Dr. Dobb's | Programming Language Format String Vulnerabilities

Programming Language Format String Vulnerabilities

Are C/C++ the only languages with security vulnerabilities? What about Perl, PHP, Java, Python, and Ruby?

February 02, 2007
URL:http://www.drdobbs.com/security/programming-language-format-string-vulne/197002914

Hal is a Vulnerability Research at CERT. He can be contacted at www.hburch.com.
Robert C. Seacord is Senior Vulnerability Analyst for CERT/CC. He can be reached at [email protected].

Although not as well known as other vulnerability types such as buffer overflows, format string vulnerabilities have been known to exist in C and C++ programs since at least 1999, when a format string vulnerability was found in AnswerBook2 (cve.mitre.org/cgi-bin/cvename.cgi?name=CVE-1999-1417). Formatted output became a major focus of the security community in June 2000, when a format string vulnerability was discovered in the Washington University ftpd (WU-FTPD) software package (www.kb.cert.org/vuls/id/29823).

But format string vulnerabilities are not limited to programs written in C and C++. Other languages that include format strings include Perl, PHP, Java, Python, and Ruby. While these languages are relatively immune from buffer overflows because they maintain dynamic arrays and strings for programmers, programs written in them may still contain format string vulnerabilities.
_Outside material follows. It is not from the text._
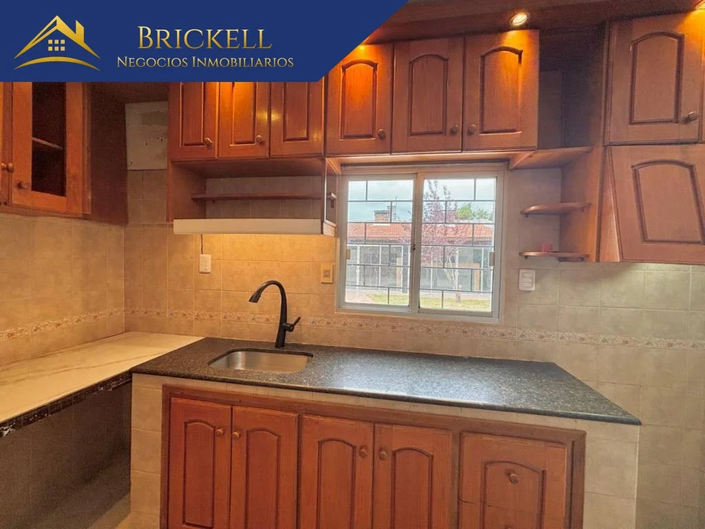 Cuenta con una cocina con muebles en cedro, mesada de marmol, integrada al living-comedor, creando un espacio funcional y acogedor.

Format string vulnerabilities result from including data from an untrusted source, such as a user, in a format string. Format strings are used by input and output routines to specify a conversion between a character string and a set of data values. The following example shows how the C function printf() accepts a format string and a set of values:

printf ("%s Pop: %11d\n",
    country, pop);

and produces a string:

United States Pop:   295734134

In the format string, the % begins a conversion specification. This is followed by a set of formatting parameters and the data type. The %s conversion specifier instructs printf() to output a string value (the value passed as an argument). The %11d conversion specifier instructs printf() to output a decimal value (the "d") in an 11-character field. Format strings can be much more complicated, including flags, precisions, length modifiers, and even variable widths specified in parameters.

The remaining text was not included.